5. The flocculator loading is
Q∕V = 20 × 10^{6}/(6 × 10^{4})
= 333 gpd∕ft³
= 44.5 ft³∕d∕ft³.
2 (SI System):
1. The paddle velocity is
ν_{i} = 2𝜋rn = 2𝜋 × 1.83(2.5∕60) = 0.48 m/s, and
the velocity differential is
ν = (1 − k)ν_{i}
= (1 − 0.25)(0.48)
= 0.36 m∕s.
2. Area of the paddles is A = (12.19 × 0.30 m² /paddle) (4 shafts)(2 paddles/shaft) = 30 m², the useful power input, by Eq. (12.6), is
P = 1/2C_{D}ρAν³
P = 0.5 × 1.8[(9,804 N∕m³)∕(9.81 m∕s²)](30 m²)(0.36 m∕s)³
= 1,260 N-m∕s
= 1.25 kW.
Energy consumption per ML = 1.25 × 24/75.7 ML = 0.40 kWh/ML treated.

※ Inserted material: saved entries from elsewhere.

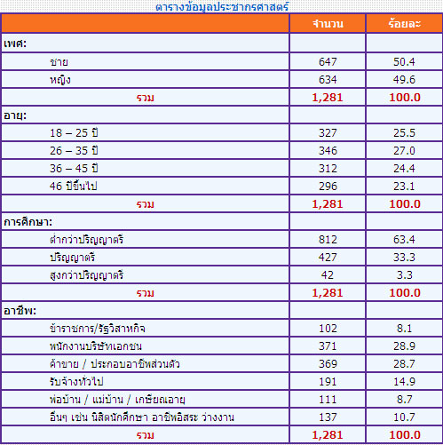 สรุปข้อมูลพื้นฐานของกลุ่มตัวอย่างดังนี้ :
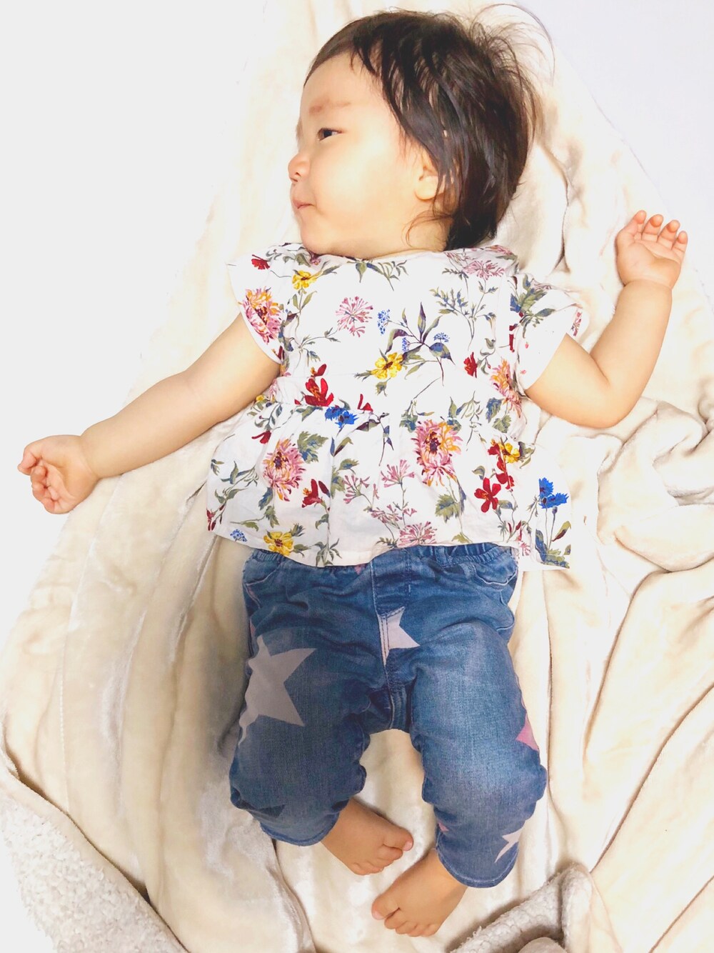 お昼寝から起きました♡放心状態、、、 トップスはサイズ80。着るのが少しきつい。上下セットなので下に合わせるとサイズ80になってしまったけど、、、90にすれば良かった。後悔。 ジーパンはサイズ80。丈はジャスト。来年は無理だろうな、、、。
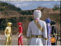 Red lands on his back and writhes, then begins to sit up, as his chest badge begins to glow, he touches his chest, then turns to his teammates, who recover slowly, Yellow nod-talking then rushing forth, only to be stopped by Red, who talks, getting Yellow to pause, the others all listening, as he talks some more, White responds, then Black. |

For electrical drive, there must be added the energy required to overcome mechanical friction and to provide for electrical losses in the lines and motor.
3. Volume of tank = 30.48 × 12.19 × 4.57 = 1,700 m³
The detention period is t_{d} = V∕Q
= [(1,700 m³)∕(0.88 m³∕s)]∕(60 s∕min)
= 32.2 min.
4. The value of G is
G = \sqrt[2]{P/\mu V}
G = [1,260∕(1.31 × 10^{−3} × 1,700)]^{1∕2}
= 23.8∕s.
Gt_{d} = (23.8∕s)(32.2 min × 60 s∕min)
= 4.60 × 10^{4}.
5. The flocculator loading is
Q∕V = 75.7 × 10^{6} L∕day∕(1,700 m³)
= 44, 500 L ∕ day ∕ m³ or 44.5 m³ ∕ day ∕ m³.